For something different, they could have attended a Japanese motion picture theater, where, as a 1932 Honolulu souvenir pamphlet explained, “the interpreter’s reading of the titles, laughing, crying, groaning, etc. make vocal the ‘silent drama.’”

Theaters showing American movies also provided regular entertainment. In March of 1928, the couple could have caught silent film darling, “It” girl Clara Bow in “Get Your Man” at Honolulu’s Princess theater, or William Powell in “Time to Love” at the Hawaii theater, “where it’s always cool.” (At the time, these theaters boasted of air conditioning, a modern convenience that was introduced to the public in 1925 and made the cinema particularly attractive in warm climates.)

Movies in Honolulu 1928

Movie theaters offered several silent films each week in 1928 Honolulu. Third person from left is Clara Bow in “Get Your Man.”

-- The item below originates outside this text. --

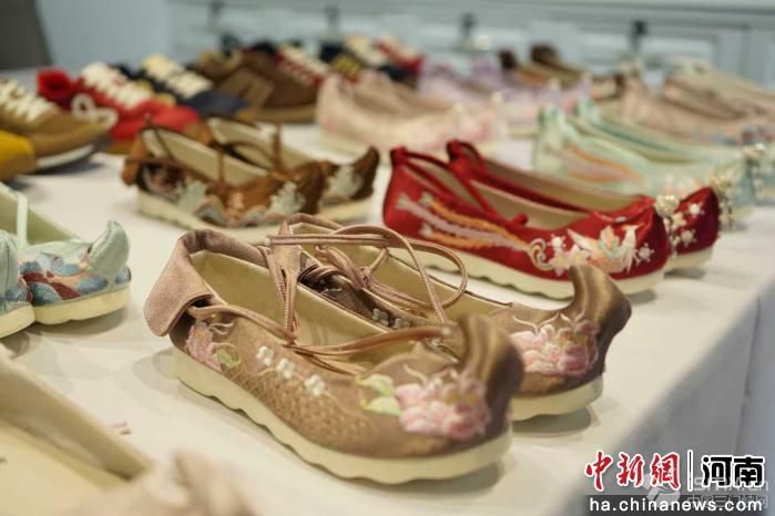 圖為裕雯鞋樣設(shè)計(jì)工作室的漢服繡花鞋展品。連晨宇 攝

As an automobile salesman, Samuel probably had use of a car. Maybe he and Ursula toured the island together, or packed a picnic lunch and portable phonograph for a romantic afternoon in the country.

1928 Willys Knight

I can imagine Ursula posing with a papaya on the roof of her beau’s car. (But his would have been a Buick, not a 1928 Willys Knight as shown here.) (Photo courtesy of Hawaii State Archives)

They might have partied back at Ursula’s hotel. Prohibition was in effect then, but, according to the 1931 book “Only Yesterday—An Informal History of the 1920’s,” when dances were held in hotels, it was customary to have private parties in hotel rooms, “where reliable drinks could be served in suitable privacy; guests of both sexes lounged on the beds and tossed off mixtures of high potency.”

At the Moana Hotel, the two may have danced to Johhny Noble’s orchestra playing a blend of Hawaiian music and jazz in the courtyard under the sprawling banyan tree. As described in an Islands Magazine article, the band:

“…performed sassy numbers like ‘Hawaiian Vamp,’ with lyrics that hinted at the insouciance of the time…As the couples moved gracefully across the dance floor…sand tracked onto it from the nearby beach produced a sh-sh-sh sound under their shoes.”

I don’t know how serious Ursula and Samuel’s relationship was at the time; I’m sure Ursula did not lack for suitors. From what I can tell, their Hawaiian romance was relatively short lived. They went their separate ways after Ursula left Hawaii—but several years later, their paths would cross again.

[Update – I later found Samuel’s mother listed as Mrs. Virginia Reddick (a misspelling) in the 1928-1929 “Directory of Honolulu and the Territory of Hawaii.” The entry confirmed that she was a resident of the central Maui community Puunene, and worked as a dietician at Puunene Hospital. It also confirmed that she was, indeed, living in Hawaii during Samuel’s time in Honolulu.]